#### Source material
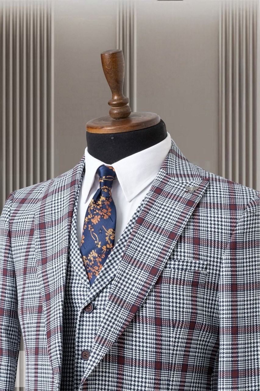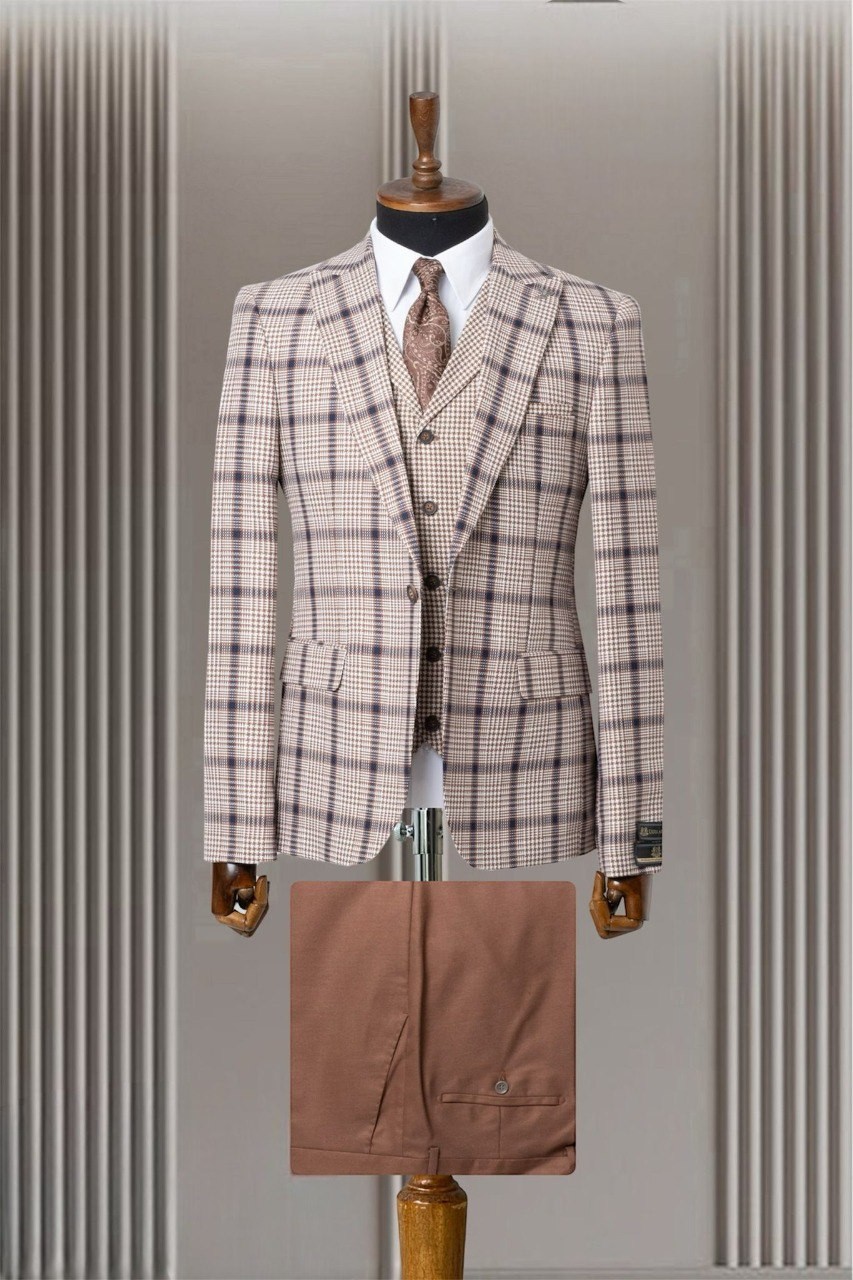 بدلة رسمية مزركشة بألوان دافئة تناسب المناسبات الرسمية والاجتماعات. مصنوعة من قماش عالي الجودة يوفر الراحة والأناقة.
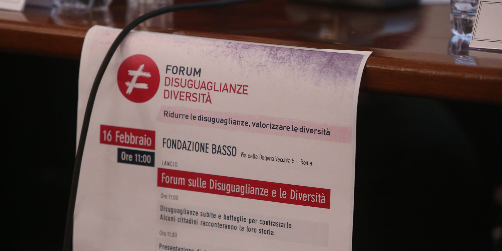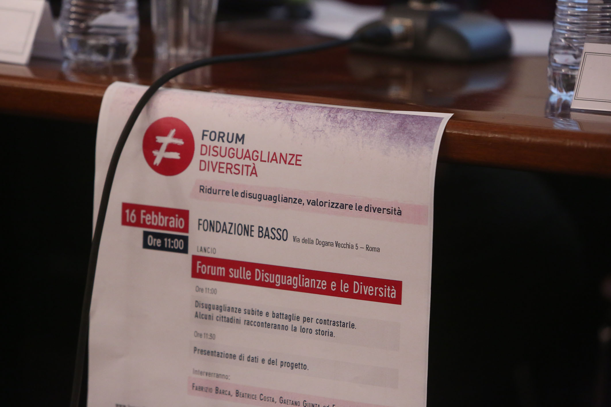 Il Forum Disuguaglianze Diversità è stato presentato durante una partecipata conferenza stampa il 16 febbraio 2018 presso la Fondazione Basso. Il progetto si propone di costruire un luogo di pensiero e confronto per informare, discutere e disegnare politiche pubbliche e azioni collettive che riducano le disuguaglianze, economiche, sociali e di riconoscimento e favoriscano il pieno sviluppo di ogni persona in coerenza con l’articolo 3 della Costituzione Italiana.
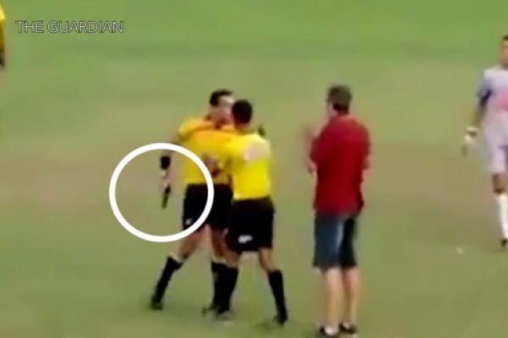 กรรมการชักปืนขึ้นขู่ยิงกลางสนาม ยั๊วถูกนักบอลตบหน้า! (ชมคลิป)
########
#### Source material
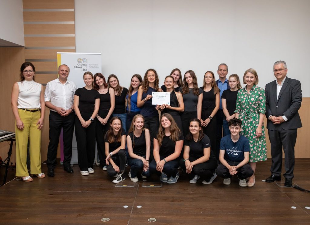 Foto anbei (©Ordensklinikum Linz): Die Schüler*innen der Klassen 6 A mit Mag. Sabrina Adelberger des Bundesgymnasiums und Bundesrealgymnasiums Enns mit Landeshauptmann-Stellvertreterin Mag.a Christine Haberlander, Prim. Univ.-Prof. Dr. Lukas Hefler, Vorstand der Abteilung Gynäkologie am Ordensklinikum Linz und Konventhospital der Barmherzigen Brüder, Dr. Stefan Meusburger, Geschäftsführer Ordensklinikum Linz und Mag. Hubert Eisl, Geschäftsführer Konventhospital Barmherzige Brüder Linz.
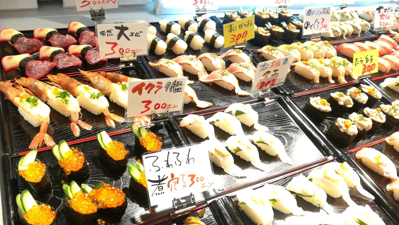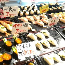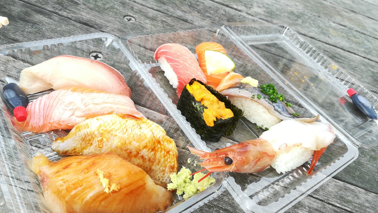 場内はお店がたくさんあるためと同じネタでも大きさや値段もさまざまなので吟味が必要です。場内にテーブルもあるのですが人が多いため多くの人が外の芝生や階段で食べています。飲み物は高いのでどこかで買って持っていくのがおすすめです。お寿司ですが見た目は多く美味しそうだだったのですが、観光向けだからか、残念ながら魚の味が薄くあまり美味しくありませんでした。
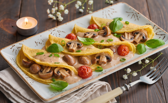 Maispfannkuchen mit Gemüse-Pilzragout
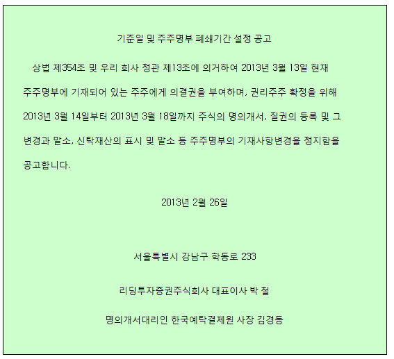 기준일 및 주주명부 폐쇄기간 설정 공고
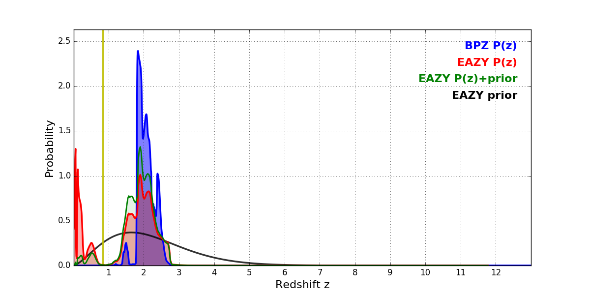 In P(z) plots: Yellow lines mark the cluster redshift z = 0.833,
########
*Task prompt*:
Look above for the line with "기준일 및 주주명부 폐쇄기간 설정 공고"; quote it and every line after it, stopping after the line with "In P(z) plots: Yellow", exactly, with nothing added and without pictures.

*Solution*:
 기준일 및 주주명부 폐쇄기간 설정 공고
 In P(z) plots: Yellow lines mark the cluster redshift z = 0.833,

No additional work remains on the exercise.